** SUPPLIED INFORMATION **
---*---

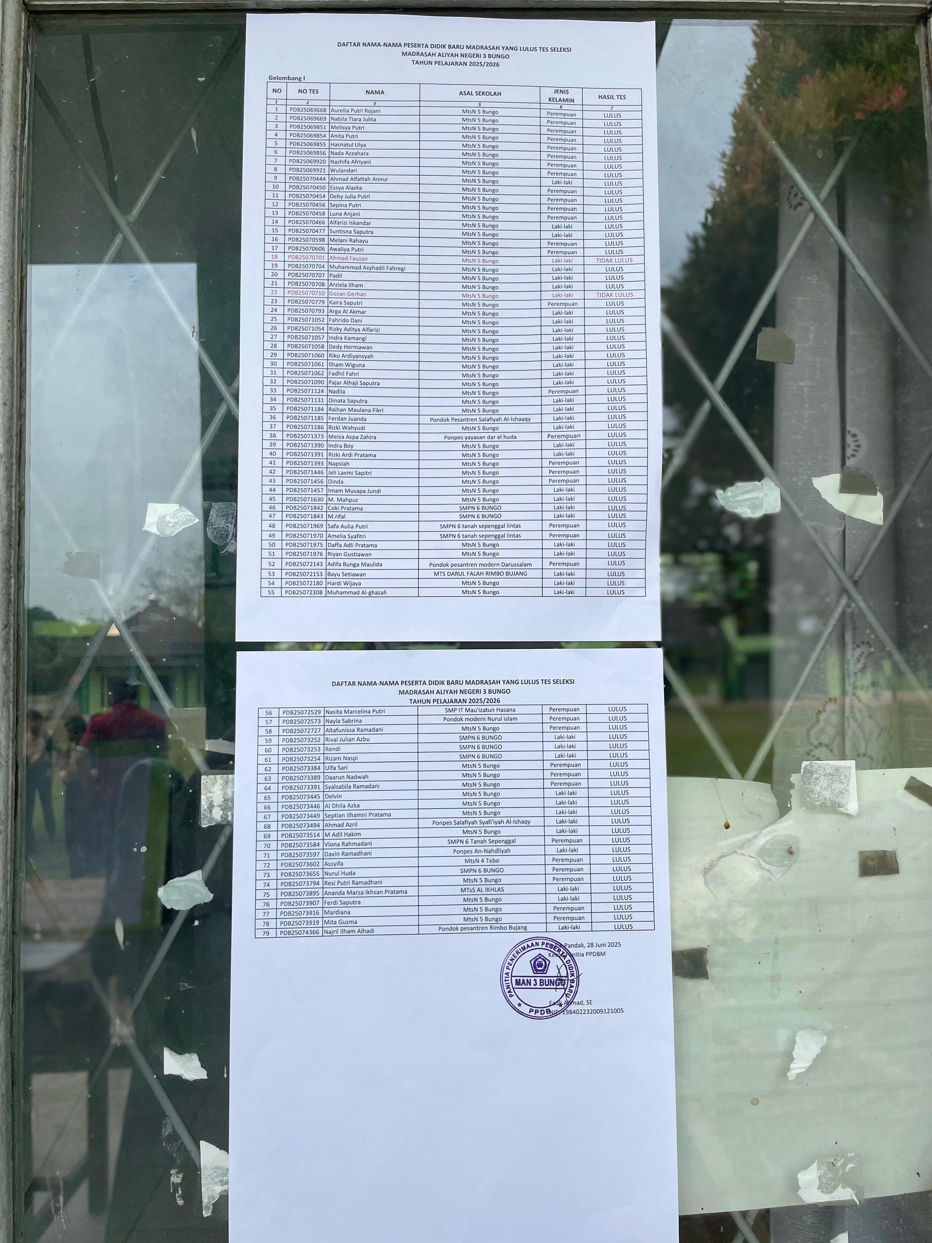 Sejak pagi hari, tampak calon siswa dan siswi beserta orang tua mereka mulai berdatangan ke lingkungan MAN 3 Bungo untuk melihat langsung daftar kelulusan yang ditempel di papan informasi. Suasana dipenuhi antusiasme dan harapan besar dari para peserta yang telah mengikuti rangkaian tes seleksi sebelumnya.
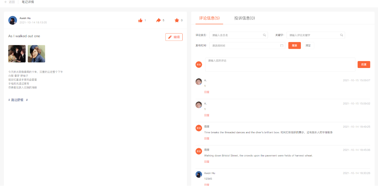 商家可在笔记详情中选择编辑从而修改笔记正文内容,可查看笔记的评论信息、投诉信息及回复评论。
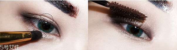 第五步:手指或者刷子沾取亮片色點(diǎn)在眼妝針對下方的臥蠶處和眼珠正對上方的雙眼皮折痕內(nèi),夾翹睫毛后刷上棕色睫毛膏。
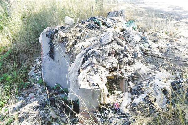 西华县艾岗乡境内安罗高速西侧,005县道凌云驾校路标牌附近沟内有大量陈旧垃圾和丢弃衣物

---*---

** TASK STATEMENT **
Although the material contains pictures, only the lines are to be written out, exactly as they stand.

** RESPONSE AREA **
 Sejak pagi hari, tampak calon siswa dan siswi beserta orang tua mereka mulai berdatangan ke lingkungan MAN 3 Bungo untuk melihat langsung daftar kelulusan yang ditempel di papan informasi. Suasana dipenuhi antusiasme dan harapan besar dari para peserta yang telah mengikuti rangkaian tes seleksi sebelumnya.
 商家可在笔记详情中选择编辑从而修改笔记正文内容,可查看笔记的评论信息、投诉信息及回复评论。
 第五步:手指或者刷子沾取亮片色點(diǎn)在眼妝針對下方的臥蠶處和眼珠正對上方的雙眼皮折痕內(nèi),夾翹睫毛后刷上棕色睫毛膏。
 西华县艾岗乡境内安罗高速西侧,005县道凌云驾校路标牌附近沟内有大量陈旧垃圾和丢弃衣物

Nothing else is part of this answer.